Single-cell RNA sequencing reveals a B cell-related immunosuppressive landscape and a potential suppressor in hepatocellular carcinoma.

BACKGROUND

The sophisticated tumour microenvironment is responsible for the malignant progression and poor prognosis of hepatocellular carcinoma (HCC). Discovering new therapeutic targets is desired for the preferable treatment of HCC patients.

METHODS

To characterize the HCC microenvironment, the single-cell transcriptomes of HCC tissues and corresponding noncancerous tissues were analysed. Differentially expressed genes (DEGs), enriched pathways and subgroups were analysed in B cells.
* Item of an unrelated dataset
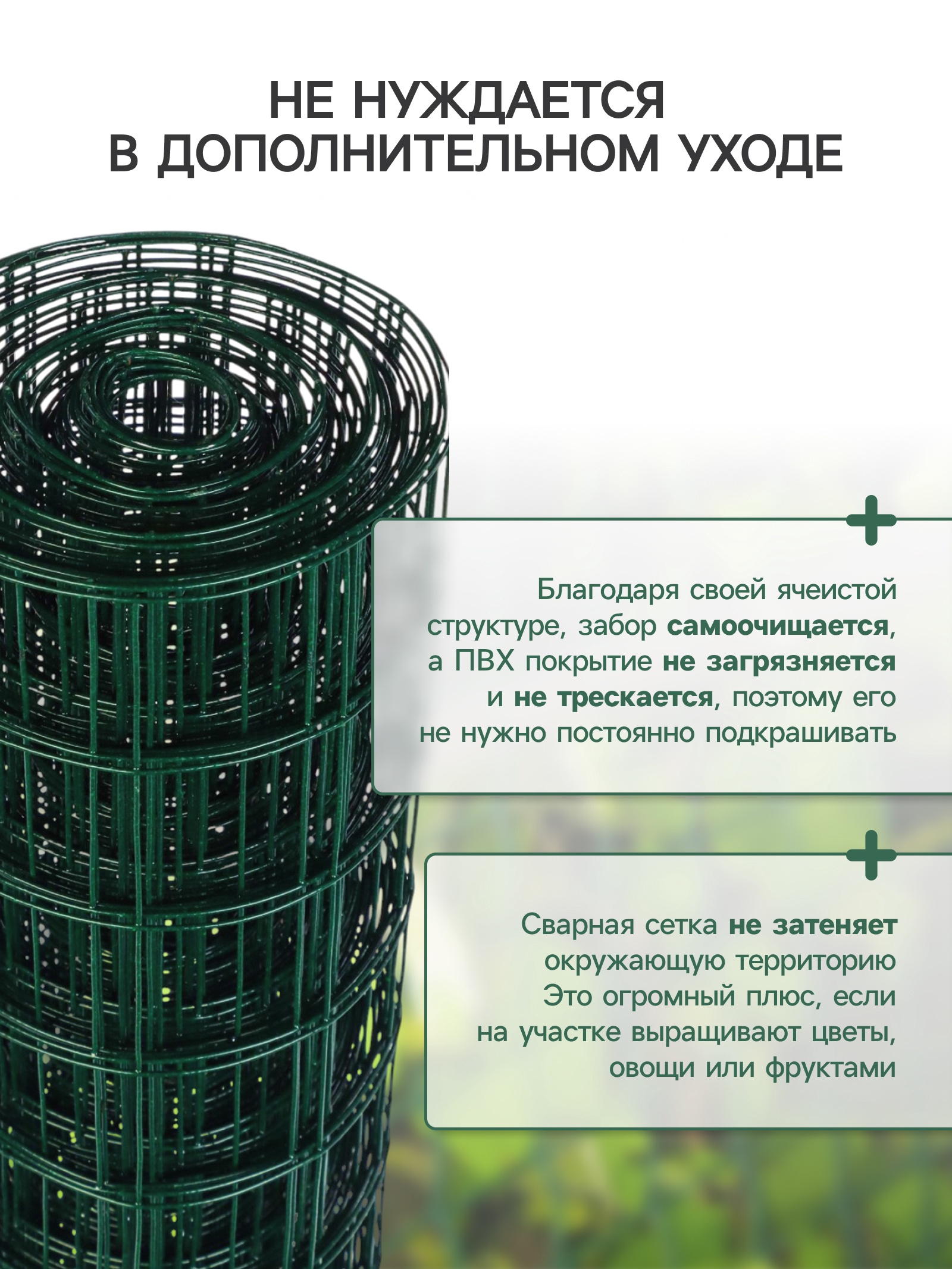 Сетка сварная с пвх покрытием, 10 0.5 м, ячейка 50 50 мм, D=1 мм, металл, Greengo

Moreover, heterogeneity between malignant and normal hepatocytes was further investigated, which revealed potential biomarkers for HCC progression. The candidate biomarkers were further explored in datasets from The Cancer Genome Atlas (TCGA) and Genotype-Tissue Expression (GTEx) databases. Serum amyloid A2 (SAA2) was detected and further validated in HCC tissues by immunohistochemistry (IHC) and western blot analysis. The biological roles of SAA2 were further investigated in HCC cells.

RESULTS

The number of B cells in HCC tissues was significantly lower than that in noncancerous tissues, which may result in an immunosuppressive status of the HCC microenvironment. Differentially expressed genes (DEGs) and functional enrichment analysis revealed that B cells might participate in the immunosuppression of HCC by regulating lipid metabolism. Analysis on B cell subgroups demonstrated Naïve B cells were significantly reduced in HCC tissues compared with noncancerous tissues, which indicated that Naïve B cells might be pivotal in the B cell-related immunosuppressive landscape in HCC. Further analysis of hepatocytes revealed highly expressed genes in normal hepatocytes derived from noncancerous liver tissues, which were validated in datasets from The Cancer Genome Atlas (TCGA) and Genotype-Tissue Expression (GTEx) databases. Interestingly, serum amyloid A2 (SAA2) was highly expressed in normal liver tissues compared with HCC tissues. The results were validated in clinical HCC samples by immunohistochemistry (IHC) and western blot assays. Moreover, investigations in HCC cells revealed that SAA2 acted as a tumour suppressor in HCC progression.

CONCLUSIONS

Taken together, the present findings elucidated the B cell-related immunosuppressive landscape in HCC and identified SAA2 as a novel suppressor in HCC, providing a better understanding of the HCC landscape and suggesting a promising therapeutic target for HCC patients.